Our tithe actually put our account in overdraft frenzy. An act of faith. But I'm taking this as a learning experience and I welcome His lesson in all of it and I still give in faith because my Father demands it. It's not my money really. It's His. I love how He always gives us what we need. I admit lately I have fallen short of what's expected if me but in His eyes I'm ok. I'm still loved and lovable. Praise Jesus. I don't feel like it today. I feel like a failure. Like I can try and try but can't get it right. What's so hard about balancing a checkbook? My accounting teacher would be so disappointed. Sorry mrs Arnold. So I get back up. Dust off the shame and ask for strength to try again. For I only truly fail when I quit. Need prayers today for anything? I'm honored to pray for you!

Wednesday, April 11, 2012

The zoo

All Gods creatures have a place in the choir. We went to the zoo today with the school. First grade class. My sweet first grader. I concluded today that the investment of time that we put into our children is the most important investment we will ever make.
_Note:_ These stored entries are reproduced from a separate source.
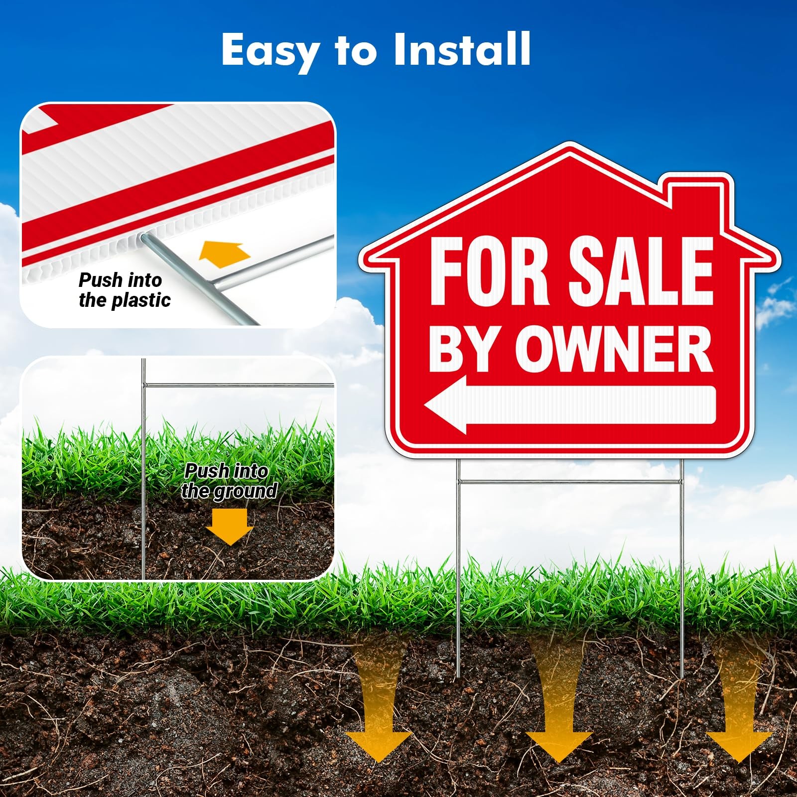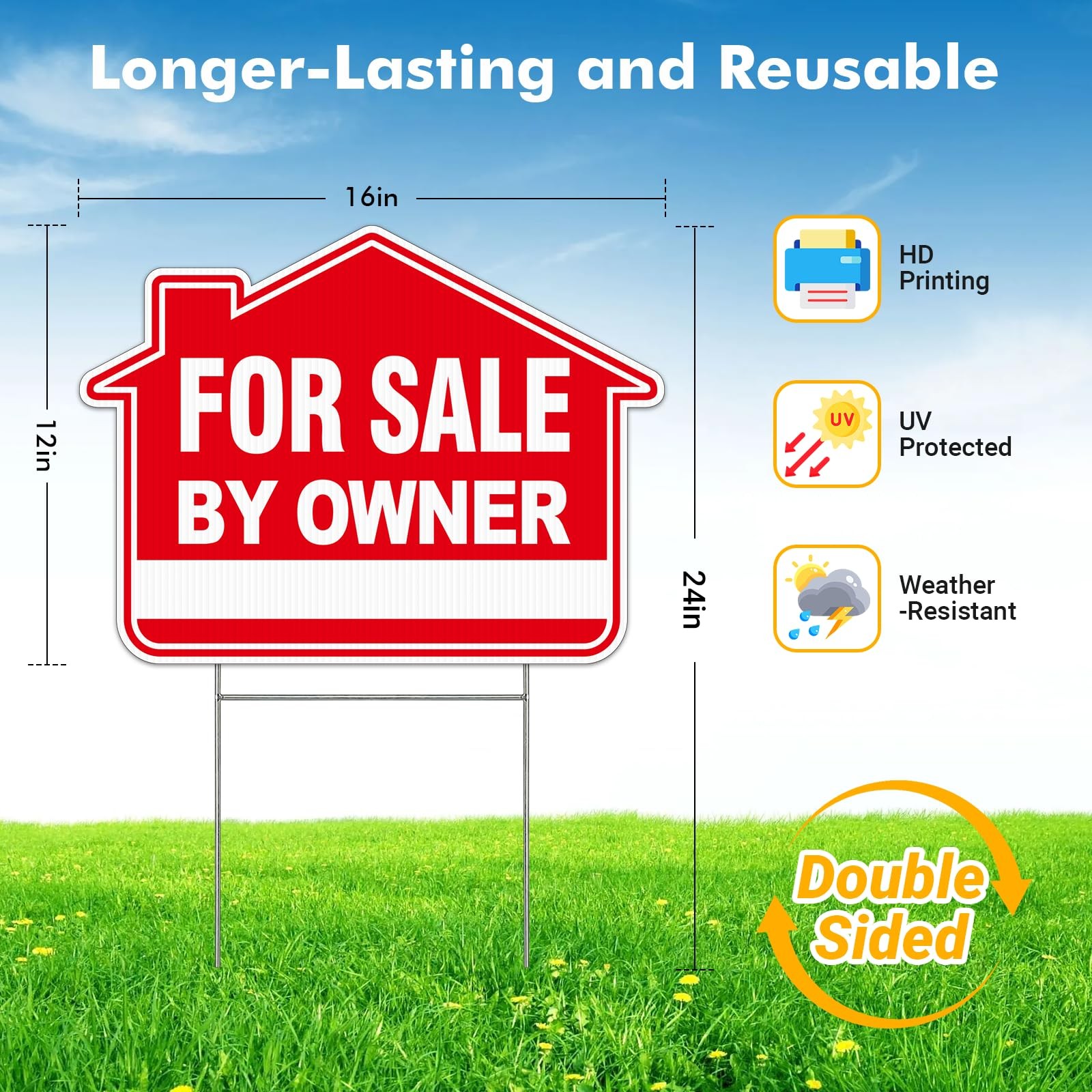 3Pack For Sale by Owner Sign with Metal H -Stakes, 16x12 Double Sided Corru...
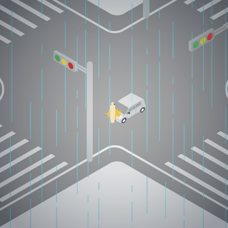 ・イラストに使用している各要素(車、背景、車、天候、信号、衝突地点など)は、代表的なイメージをイラスト化しており、色や形状等含め現実の事故の状況とは異なります。あくまで、事故のイメージとして参考までにご活用ください。
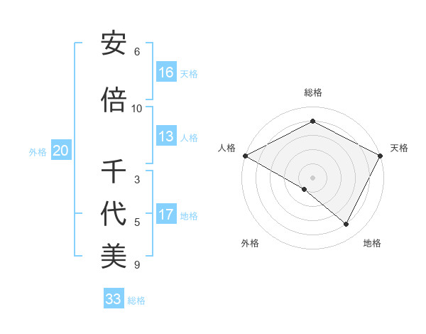 安倍 千代美さんを姓名の画数から五運を鑑定

I love knowing that whether I'm there with m or not she knows God is watching and that's enough to keep her respectful of others and especially adults. So train up a child in the way they should go and when they're on a field trip at the zoo without u. They will be sweet and respectful of others in charge. Thank you sweet girl for a really fun day.

Sunday, April 1, 2012

Palm Sunday

Jesus told His disciples to go get a colt and tell them the Lord sent them to get it. He rode through the town , shouts from the crowds hosanna in the highest !!! Palm branches on the streets. Everyone laying down everything at His feet. I'm laying. Everything at His feet. I'm laying my life at His feet. May we not be the same a week from now.

Saturday, March 31, 2012

Praise you for all you have done

Dear God
I praise you for loving me and accepting me for me. For creating me and molding me into the imperfect yet perfect woman, mom, wife. Knowing that your Son came here before me to pave the way. From infancy to adulthood what am example for Me. So thank you. Thank you for the peace and love and acceptance and provision and love unending. My love for you is huge. This love story will continue.